▸ PROBLEM TO SOLVE
Look through the listing below for the line with "Pioneering American composer" and the line with "In sports, backspin". Copy both, along with every line between them, exactly and with no pictures.

---

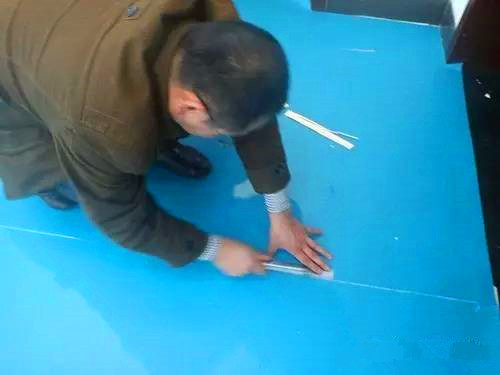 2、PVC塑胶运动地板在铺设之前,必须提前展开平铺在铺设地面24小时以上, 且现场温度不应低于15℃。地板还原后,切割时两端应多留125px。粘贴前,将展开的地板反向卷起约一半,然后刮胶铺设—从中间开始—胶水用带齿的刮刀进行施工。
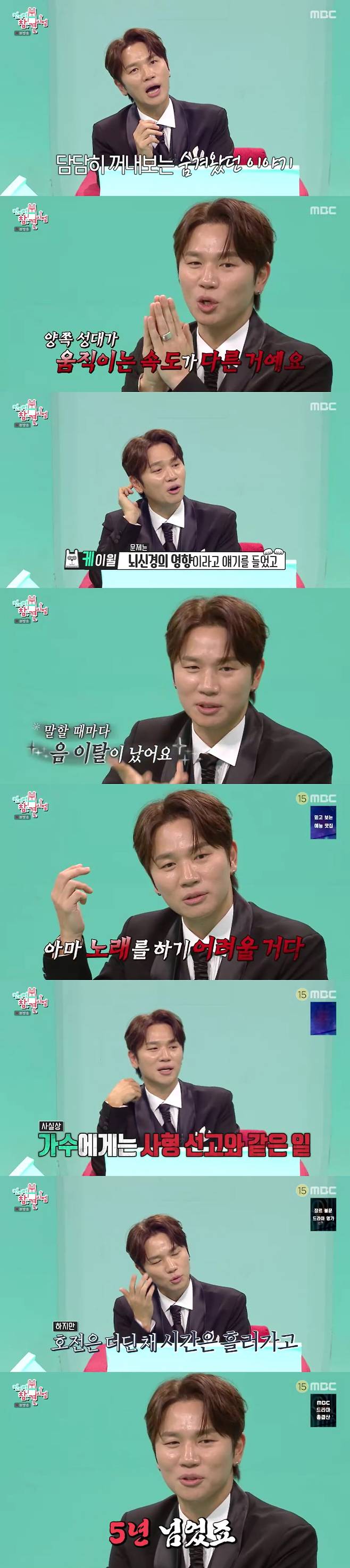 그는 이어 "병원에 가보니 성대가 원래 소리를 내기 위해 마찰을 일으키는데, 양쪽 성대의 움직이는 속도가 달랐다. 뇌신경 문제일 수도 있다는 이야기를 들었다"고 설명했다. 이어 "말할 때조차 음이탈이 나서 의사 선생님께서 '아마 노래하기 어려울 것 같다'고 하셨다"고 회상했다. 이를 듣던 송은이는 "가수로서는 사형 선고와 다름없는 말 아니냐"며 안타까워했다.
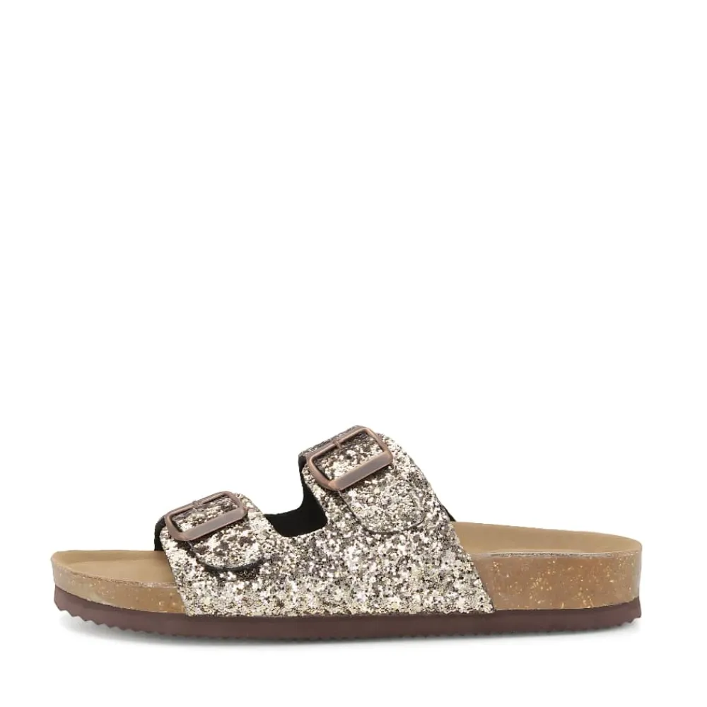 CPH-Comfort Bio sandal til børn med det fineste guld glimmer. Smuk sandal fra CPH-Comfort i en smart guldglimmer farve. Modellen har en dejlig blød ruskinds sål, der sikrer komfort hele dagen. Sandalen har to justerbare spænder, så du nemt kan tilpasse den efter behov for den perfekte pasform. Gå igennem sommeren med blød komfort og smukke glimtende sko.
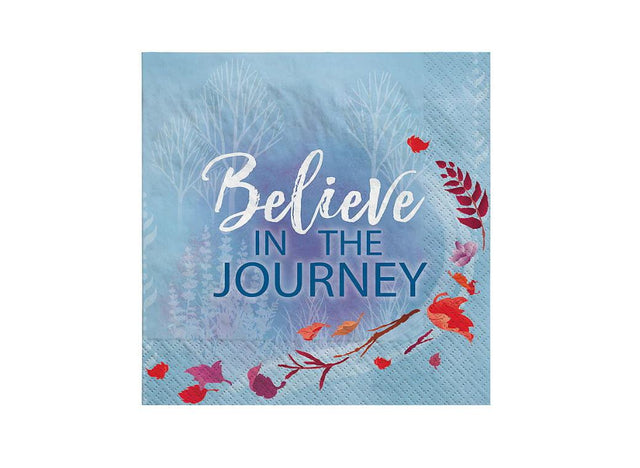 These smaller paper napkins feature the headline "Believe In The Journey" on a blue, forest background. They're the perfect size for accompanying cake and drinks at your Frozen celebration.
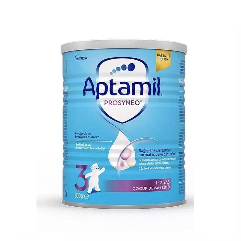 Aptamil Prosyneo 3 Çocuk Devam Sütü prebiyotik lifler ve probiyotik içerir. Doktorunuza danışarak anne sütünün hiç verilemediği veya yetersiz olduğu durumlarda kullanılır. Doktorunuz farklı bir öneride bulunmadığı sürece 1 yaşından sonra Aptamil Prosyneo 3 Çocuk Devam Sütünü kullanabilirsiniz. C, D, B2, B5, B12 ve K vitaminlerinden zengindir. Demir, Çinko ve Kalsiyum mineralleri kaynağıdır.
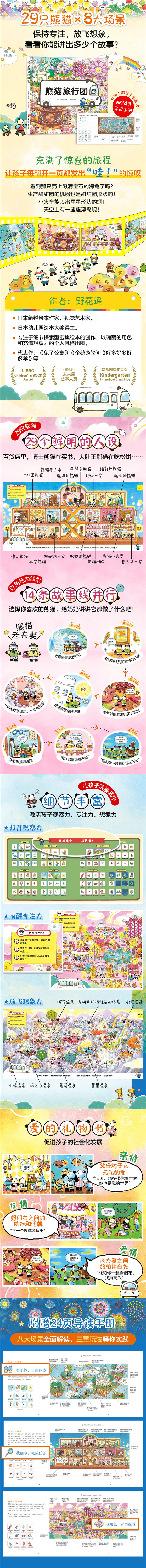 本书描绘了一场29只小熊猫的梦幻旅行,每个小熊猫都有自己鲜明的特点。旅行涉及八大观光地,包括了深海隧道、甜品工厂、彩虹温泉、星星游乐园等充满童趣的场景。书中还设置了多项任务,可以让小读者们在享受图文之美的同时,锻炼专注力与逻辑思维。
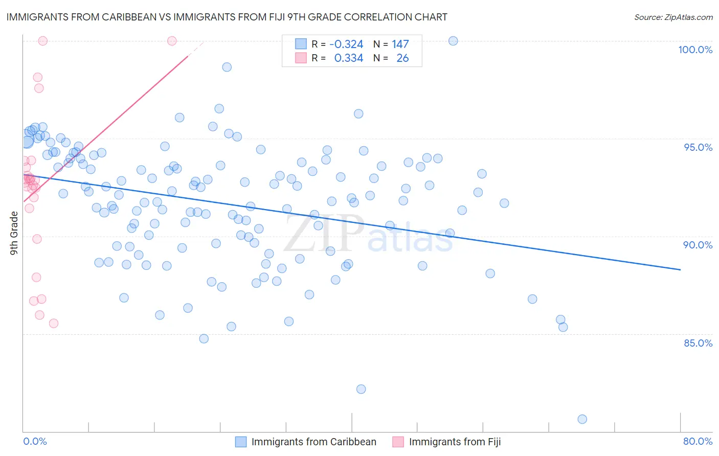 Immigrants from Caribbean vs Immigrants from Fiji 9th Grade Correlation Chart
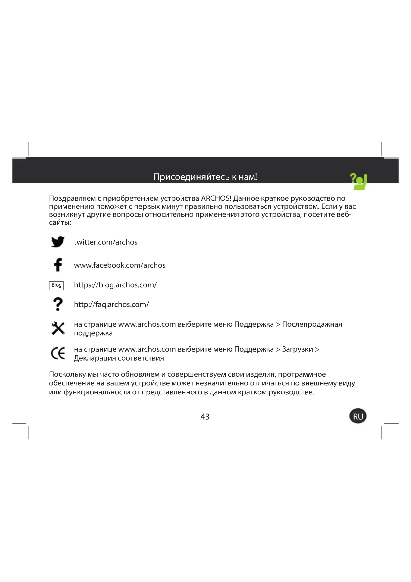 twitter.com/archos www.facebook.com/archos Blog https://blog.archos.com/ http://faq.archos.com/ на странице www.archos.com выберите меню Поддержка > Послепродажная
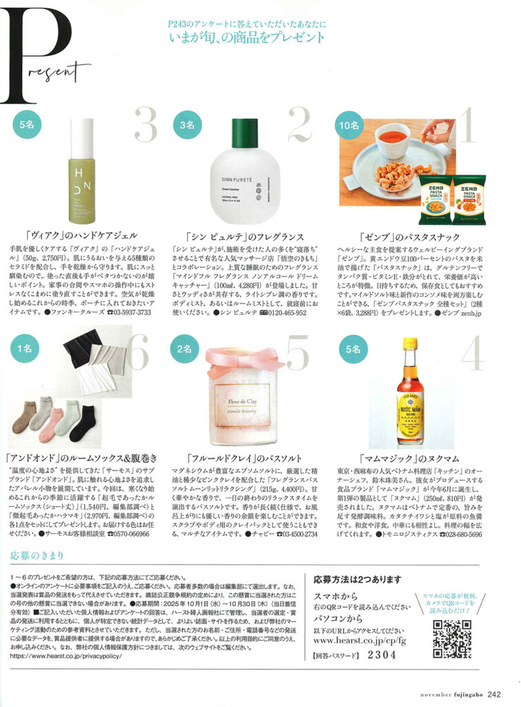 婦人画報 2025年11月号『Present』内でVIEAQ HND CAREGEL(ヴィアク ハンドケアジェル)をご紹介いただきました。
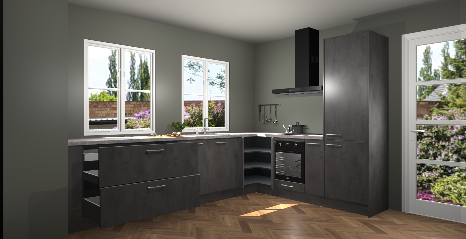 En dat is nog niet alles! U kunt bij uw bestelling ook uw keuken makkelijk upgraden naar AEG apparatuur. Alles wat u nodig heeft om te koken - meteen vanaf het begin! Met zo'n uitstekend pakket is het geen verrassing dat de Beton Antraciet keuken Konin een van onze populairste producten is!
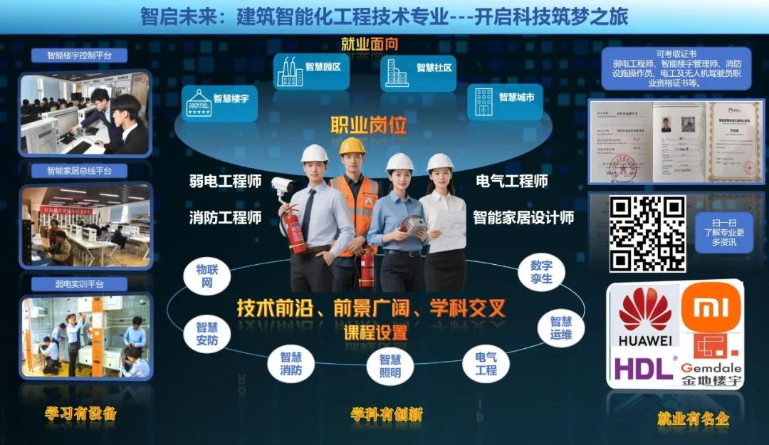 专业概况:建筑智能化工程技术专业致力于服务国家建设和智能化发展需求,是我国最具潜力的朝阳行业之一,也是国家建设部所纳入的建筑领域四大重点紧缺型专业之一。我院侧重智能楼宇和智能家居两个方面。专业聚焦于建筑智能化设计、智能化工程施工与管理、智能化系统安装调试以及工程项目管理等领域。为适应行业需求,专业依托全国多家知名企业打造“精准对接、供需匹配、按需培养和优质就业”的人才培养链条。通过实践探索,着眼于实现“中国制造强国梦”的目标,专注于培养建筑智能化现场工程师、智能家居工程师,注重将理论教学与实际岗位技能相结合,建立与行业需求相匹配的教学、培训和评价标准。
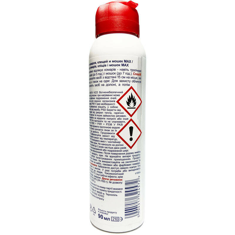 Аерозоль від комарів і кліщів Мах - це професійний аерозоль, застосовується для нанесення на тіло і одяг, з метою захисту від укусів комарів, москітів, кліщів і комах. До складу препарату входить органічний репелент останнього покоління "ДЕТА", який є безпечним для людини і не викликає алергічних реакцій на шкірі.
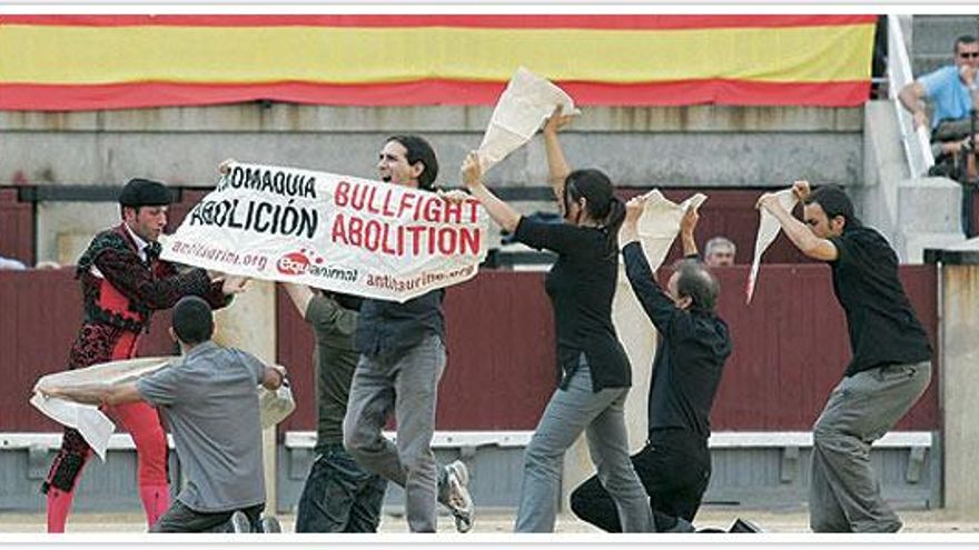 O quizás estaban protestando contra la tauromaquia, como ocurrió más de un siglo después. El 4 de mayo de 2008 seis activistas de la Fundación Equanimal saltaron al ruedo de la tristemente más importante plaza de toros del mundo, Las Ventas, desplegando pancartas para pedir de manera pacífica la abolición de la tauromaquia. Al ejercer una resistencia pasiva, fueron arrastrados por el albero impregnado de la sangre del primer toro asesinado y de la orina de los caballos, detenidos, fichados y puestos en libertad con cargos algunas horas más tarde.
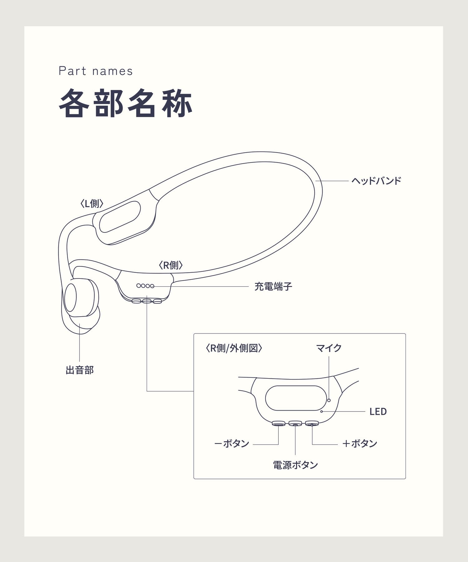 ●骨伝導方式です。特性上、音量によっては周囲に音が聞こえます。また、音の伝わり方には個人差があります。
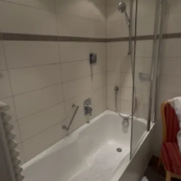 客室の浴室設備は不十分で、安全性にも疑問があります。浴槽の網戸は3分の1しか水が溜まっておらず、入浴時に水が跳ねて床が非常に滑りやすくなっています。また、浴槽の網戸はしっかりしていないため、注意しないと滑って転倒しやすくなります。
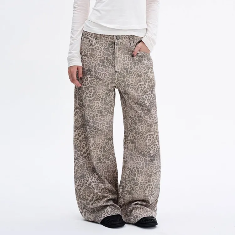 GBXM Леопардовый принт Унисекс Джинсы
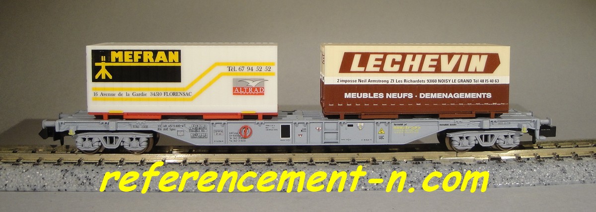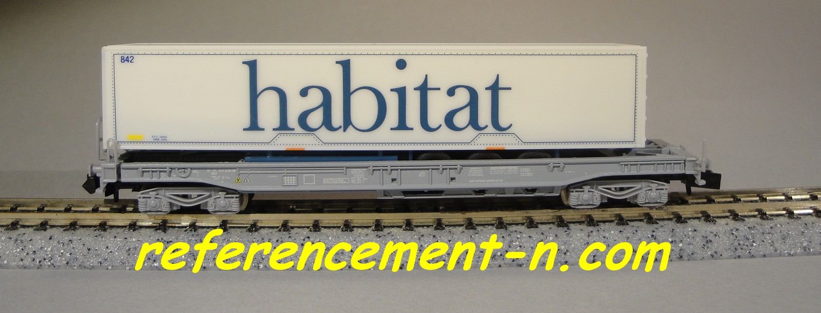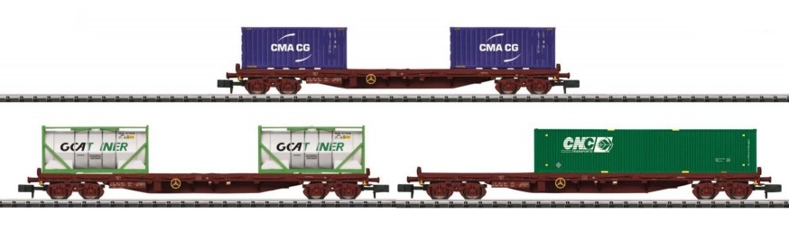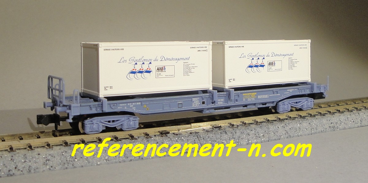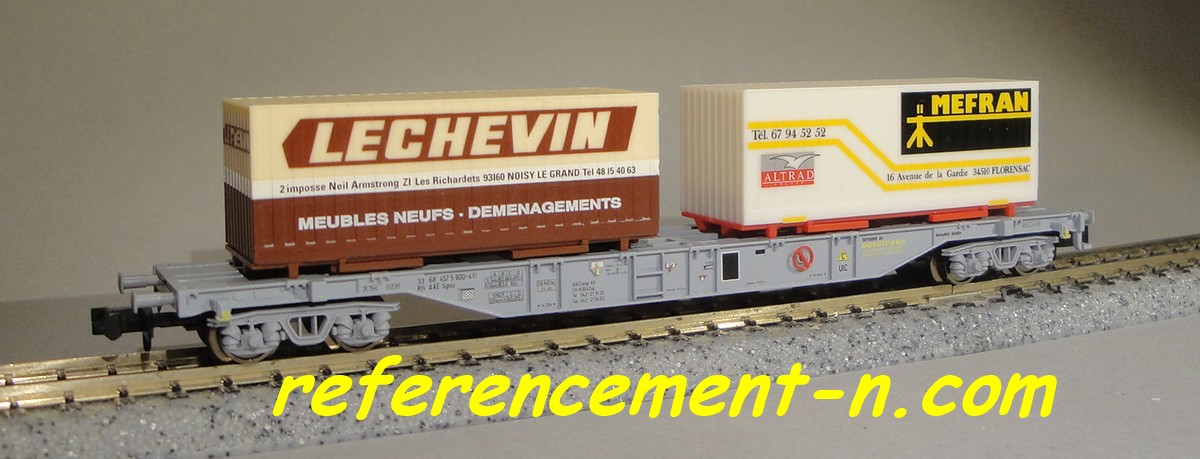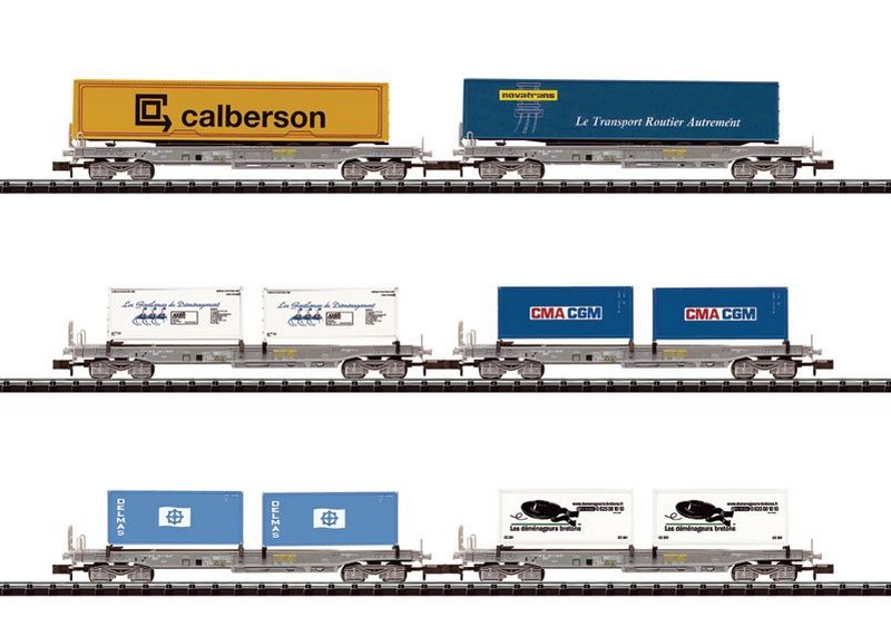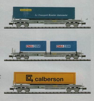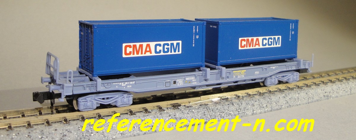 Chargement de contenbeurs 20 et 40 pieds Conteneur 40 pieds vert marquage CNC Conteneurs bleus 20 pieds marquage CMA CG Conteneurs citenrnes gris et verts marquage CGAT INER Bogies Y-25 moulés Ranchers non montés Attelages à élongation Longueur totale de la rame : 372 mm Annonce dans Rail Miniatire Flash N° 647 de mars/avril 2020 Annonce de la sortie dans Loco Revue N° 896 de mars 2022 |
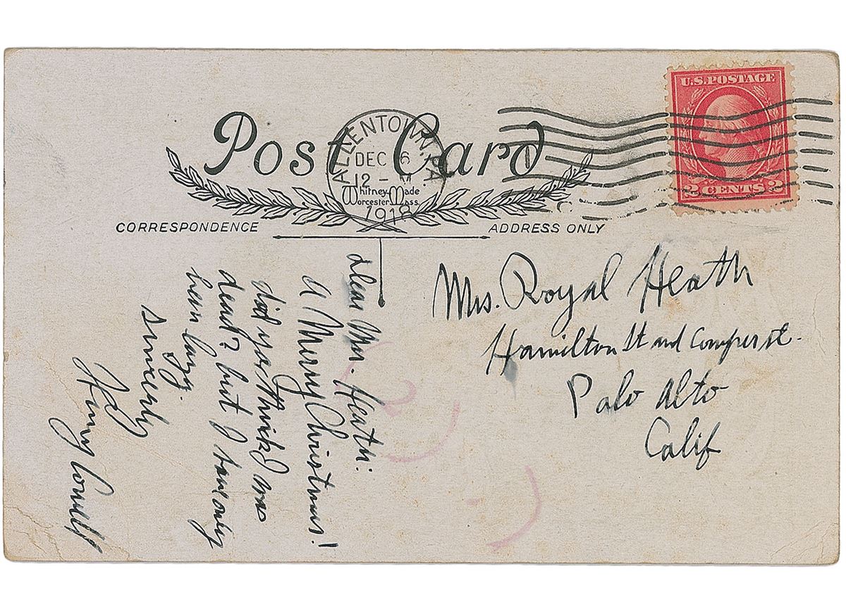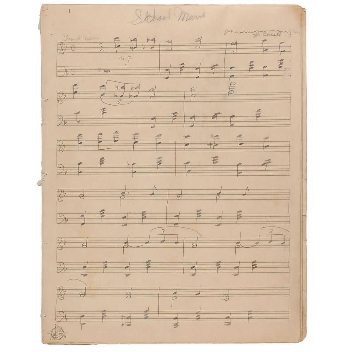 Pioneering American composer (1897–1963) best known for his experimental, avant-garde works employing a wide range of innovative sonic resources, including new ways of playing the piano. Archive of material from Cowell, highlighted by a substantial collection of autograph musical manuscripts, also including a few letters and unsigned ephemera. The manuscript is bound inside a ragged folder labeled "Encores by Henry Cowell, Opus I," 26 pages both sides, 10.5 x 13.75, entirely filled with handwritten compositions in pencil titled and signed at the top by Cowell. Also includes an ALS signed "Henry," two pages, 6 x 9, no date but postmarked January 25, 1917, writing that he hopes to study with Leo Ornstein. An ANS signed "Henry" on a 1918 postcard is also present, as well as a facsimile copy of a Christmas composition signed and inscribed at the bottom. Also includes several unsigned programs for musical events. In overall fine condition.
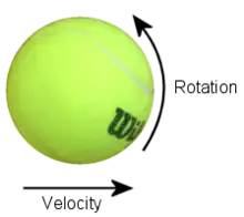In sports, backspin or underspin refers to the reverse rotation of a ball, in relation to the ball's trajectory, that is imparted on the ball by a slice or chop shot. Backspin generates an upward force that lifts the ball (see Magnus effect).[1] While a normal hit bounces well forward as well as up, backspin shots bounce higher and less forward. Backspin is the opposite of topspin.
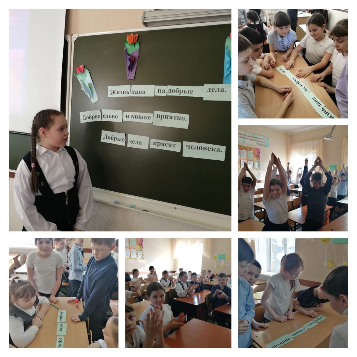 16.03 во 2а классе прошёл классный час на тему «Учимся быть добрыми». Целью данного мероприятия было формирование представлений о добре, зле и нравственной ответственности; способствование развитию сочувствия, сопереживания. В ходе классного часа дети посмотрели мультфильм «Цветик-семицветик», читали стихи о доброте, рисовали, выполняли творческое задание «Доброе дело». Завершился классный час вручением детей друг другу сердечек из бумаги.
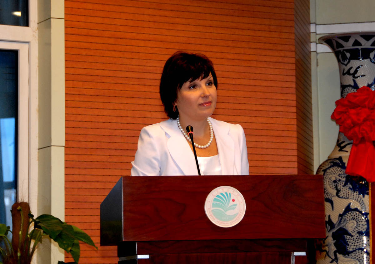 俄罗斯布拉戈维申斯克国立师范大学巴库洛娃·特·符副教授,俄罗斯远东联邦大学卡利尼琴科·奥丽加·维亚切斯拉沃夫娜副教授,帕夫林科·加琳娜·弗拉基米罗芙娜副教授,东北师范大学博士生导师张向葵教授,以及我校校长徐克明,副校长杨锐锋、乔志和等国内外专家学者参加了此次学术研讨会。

---

▸ SOLUTION TO THE EXERCISE
 Pioneering American composer (1897–1963) best known for his experimental, avant-garde works employing a wide range of innovative sonic resources, including new ways of playing the piano. Archive of material from Cowell, highlighted by a substantial collection of autograph musical manuscripts, also including a few letters and unsigned ephemera. The manuscript is bound inside a ragged folder labeled "Encores by Henry Cowell, Opus I," 26 pages both sides, 10.5 x 13.75, entirely filled with handwritten compositions in pencil titled and signed at the top by Cowell. Also includes an ALS signed "Henry," two pages, 6 x 9, no date but postmarked January 25, 1917, writing that he hopes to study with Leo Ornstein. An ANS signed "Henry" on a 1918 postcard is also present, as well as a facsimile copy of a Christmas composition signed and inscribed at the bottom. Also includes several unsigned programs for musical events. In overall fine condition.
In sports, backspin or underspin refers to the reverse rotation of a ball, in relation to the ball's trajectory, that is imparted on the ball by a slice or chop shot. Backspin generates an upward force that lifts the ball (see Magnus effect).[1] While a normal hit bounces well forward as well as up, backspin shots bounce higher and less forward. Backspin is the opposite of topspin.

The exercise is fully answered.